Zillow Research

Mortgage Rate Outlook Uncertain As Fed Hikes Key Rate Again

What happened: Today the Federal Reserve raised the federal funds rate by a quarter of a point in an ongoing effort to curb inflation while acknowledging increased uncertainty caused by turmoil in the banking sector. 

The central bank stated that recent developments in the banking sector are “likely to result in tighter lending conditions and weigh on economic activity.” Future policy decisions will likely depend on the significance and duration of these tighter conditions. 

Senior Economist Orphe Divounguy’s thoughts on the impact to mortgage rates and housing:

Bond yields – and the mortgage rates that tend to follow them – fell in the immediate reaction to the Fed’s statement, which signaled that the central bank’s program of rate hikes is likely nearing its end to balance new financial risks. But the relationship between mortgage rates and Treasuries has weakened slightly in recent weeks as the secondary mortgage market reacts to speculation that more financial entities may need to sell their long-term investments, like mortgage backed securities, to get more liquidity today. The path forward for rates will largely depend not just on the path of the 10-year and economic uncertainty in general, but also on the extra uncertainty specific to the secondary mortgage market.

Tighter credit conditions will likely limit any dramatic, near-term downward movement of mortgage rates even as Treasuries decline. This could restrict mortgage lenders’ access to funding sources, resulting in higher rates than Treasuries would otherwise indicate. For borrowers, lending standards were already quite strict, and tighter conditions may make it more difficult for some home shoppers to secure funding. In turn, for home sellers, the time it takes to sell could increase.

However, in the medium-run, expectations for slower economic growth and lower inflation should help mortgage rates decline. This would benefit home shoppers through better affordability and sellers by reducing the intensity of interest-rate-lock in. That could help free up a tight market, though would coincide along with a period of increased risk of job losses. 

Mortgage rates are steering both supply and demand in today’s costly environment.
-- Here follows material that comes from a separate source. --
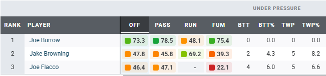 Flacco has the added disadvantage of having been battered by this same Packers defense just three weeks ago. In that Week 3 matchup, he was pressured on more than 45% of his dropbacks and knocked down 12 times, on his way to totaling just 142 passing yards.

Home sales picked up in January when rates were relatively low, then slacked off as they ramped back up. Lower rates could also convince more homeowners to list, adding badly-needed inventory to an extremely limited pool. 

Of course, much uncertainty surrounding the state of inflation and this still-evolving banking turmoil remains. In his press conference, Fed Chair Jerome Powell stated that estimates of how much the recent banking developments could slow the economy amounted to “guesswork, almost, at this point.” Evidence – in either direction – of spillovers into the broader economy or accelerating inflation would likely cause another policy shift, which would materialize in mortgage rates.